They are exposed, completely. They do not want you to vote. I’m not including old, white conservatives who support them. I’m including most Americans, and probably Alabamians, too, who are unlikely to back the GOP’s Draconian, anti-social justice programs.

Republicans have known for years that the only way they can win elections is by suppressing the vote. Making it more difficult for people who are not like them – African-Americans, the LatinX community, Asians, LGBTQ+ folks – to cast their ballots.

So, at the state level, including in Alabama, officials have done so much to make it difficult for many voters, but especially minority voters, to have access to the ballot box. Those voters are much more likely to vote against Republicans, so Republicans don’t want them to vote.

Before the Senate this week was a proposal just to open debate – just debate, mind you – on a voting rights bill called the “For the People Act.” All 50 Democrats said, yeah, let’s debate. Get the issues out there. Let the people – our voters – have the information.

All 50 Republicans, including our own Richard Shelby and Tommy Tuberville, said that’s a little too scary for us.
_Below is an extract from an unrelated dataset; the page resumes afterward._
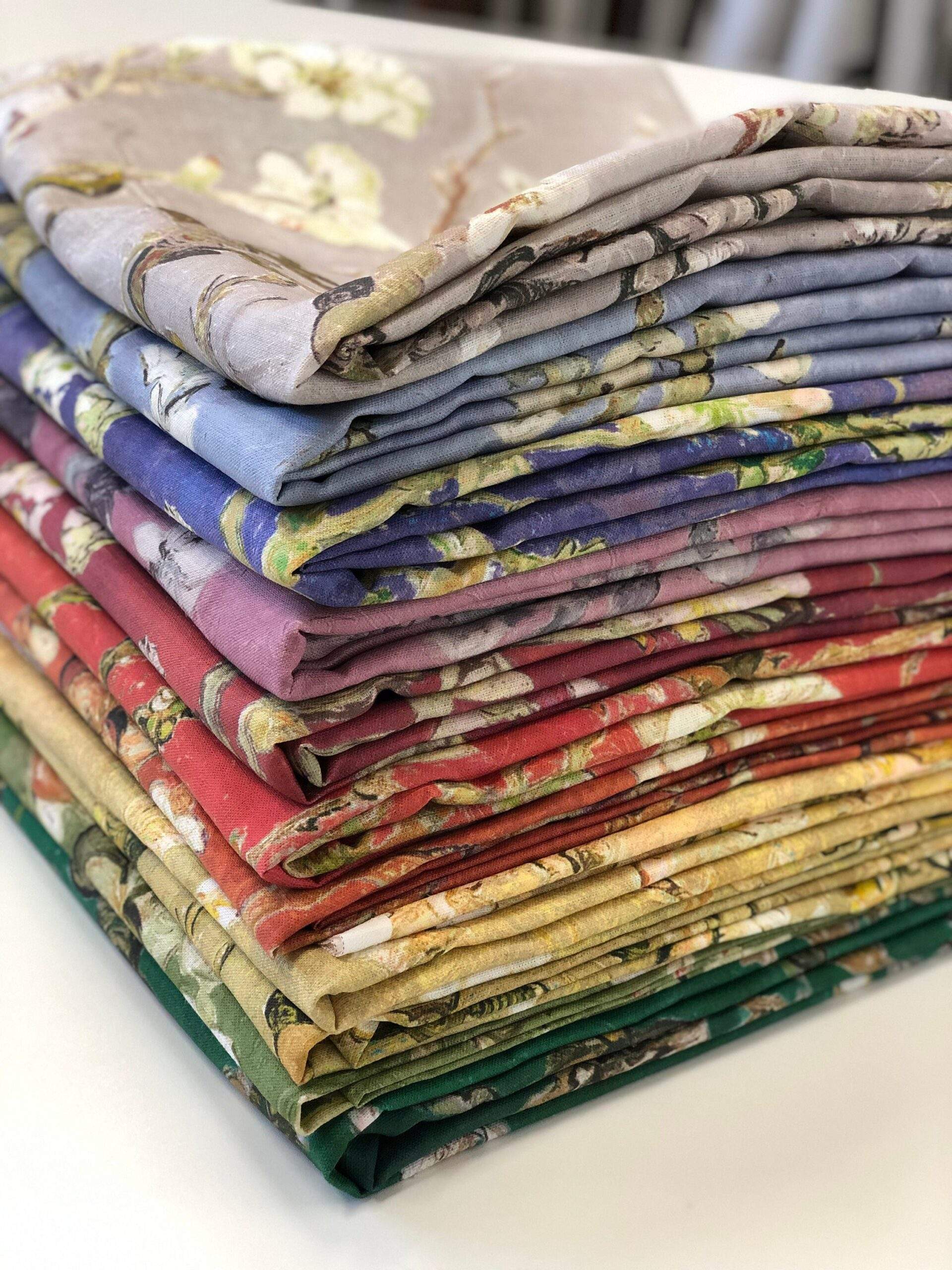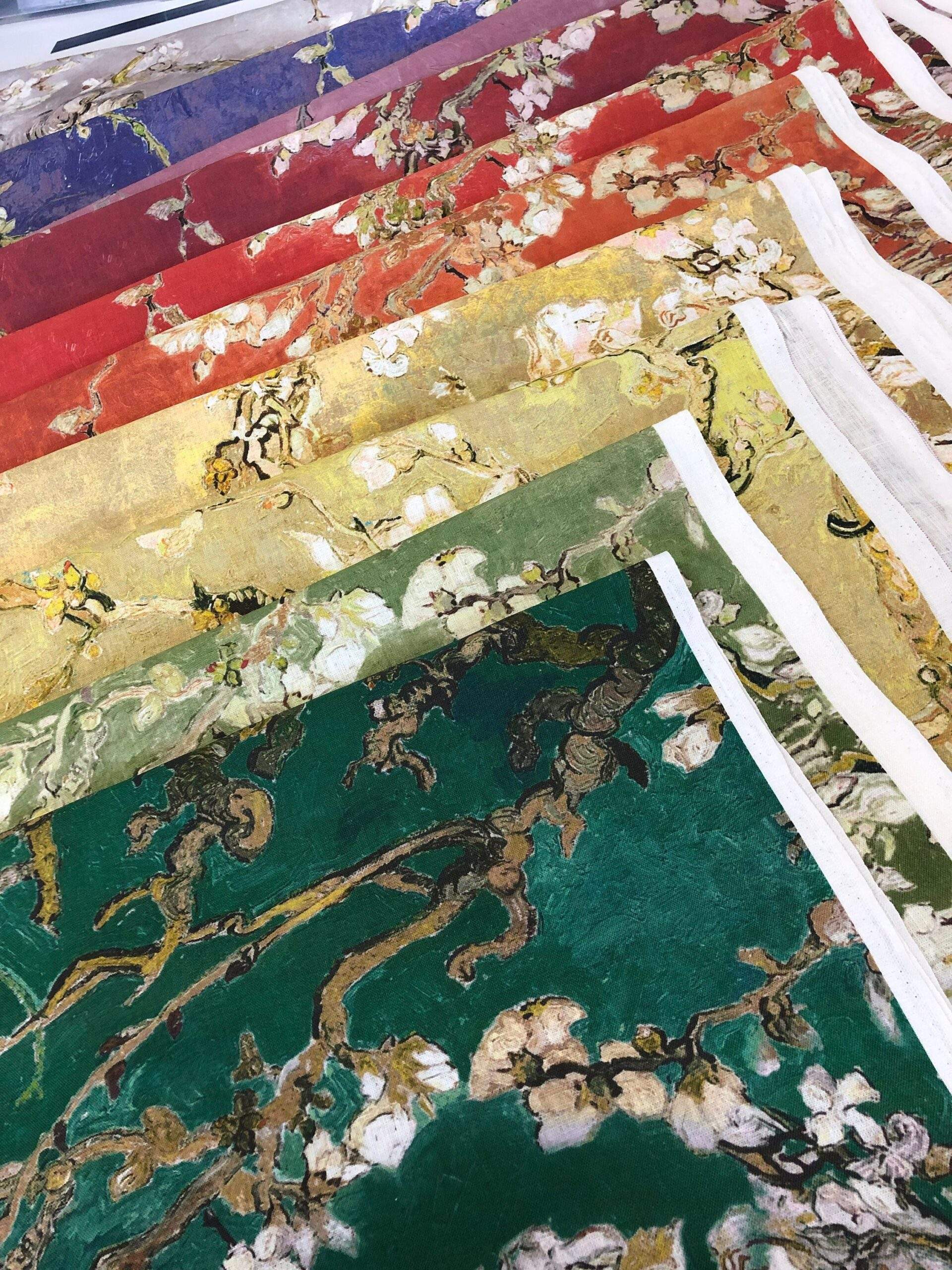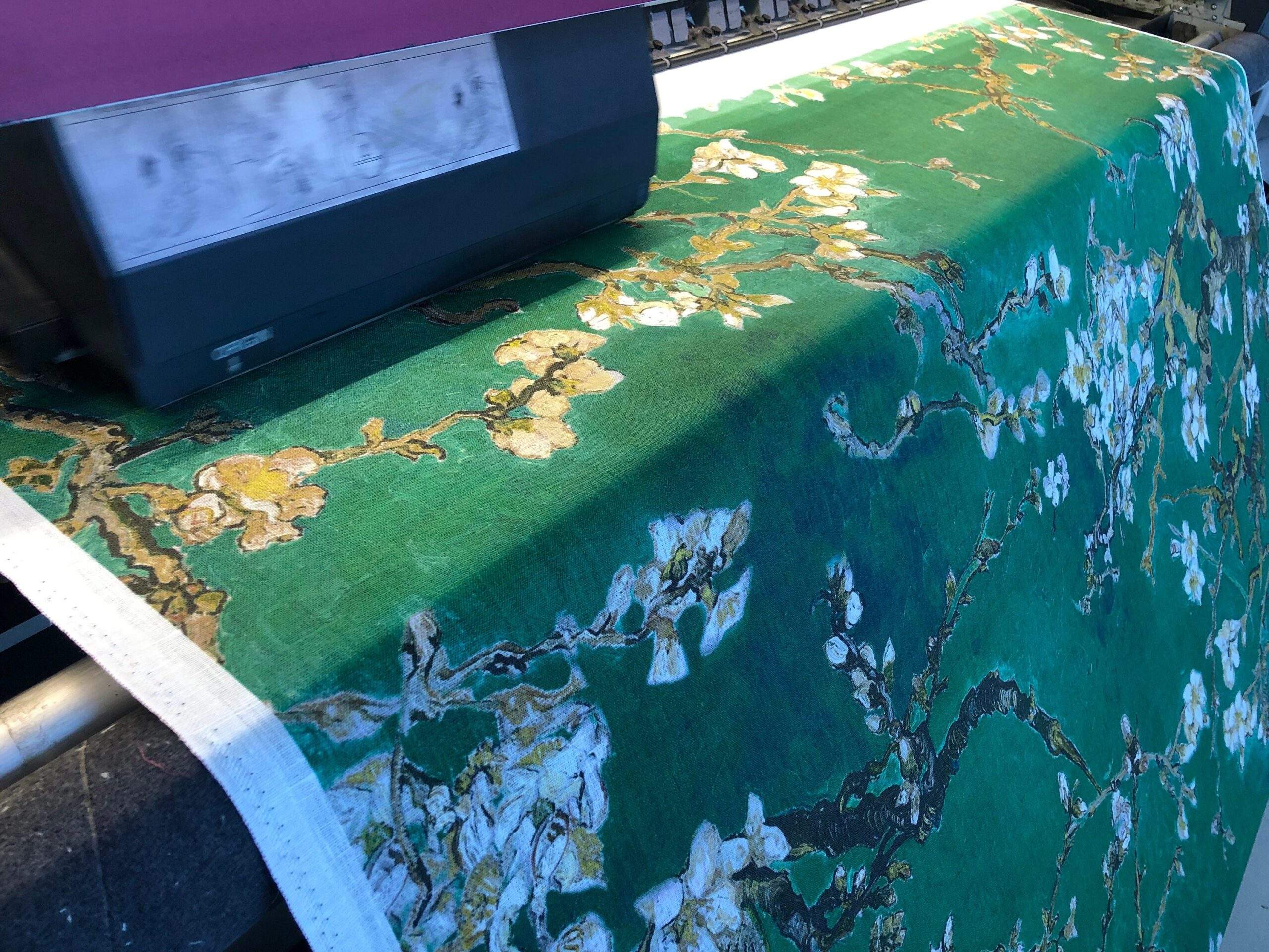 Linen fabric Vincent van Gogh “Almond Blossoms”. Emerald / Forest green colour.

Last thing we want Americans to know is there really is no voter fraud, that we really are trying to keep a big chunk of them from voting, that we don’t believe in Democracy; we believe in power: The autocratic, dictator-like power that Donald Trump so coveted, and that Senate Minority Leader Mitch McConnell has been practicing for years.

And look: If one of their own decides fairness is more important than power, they do everything they can to destroy their careers. Republicans are famous for whining about so-called “cancel culture,” but they are experts at practicing it.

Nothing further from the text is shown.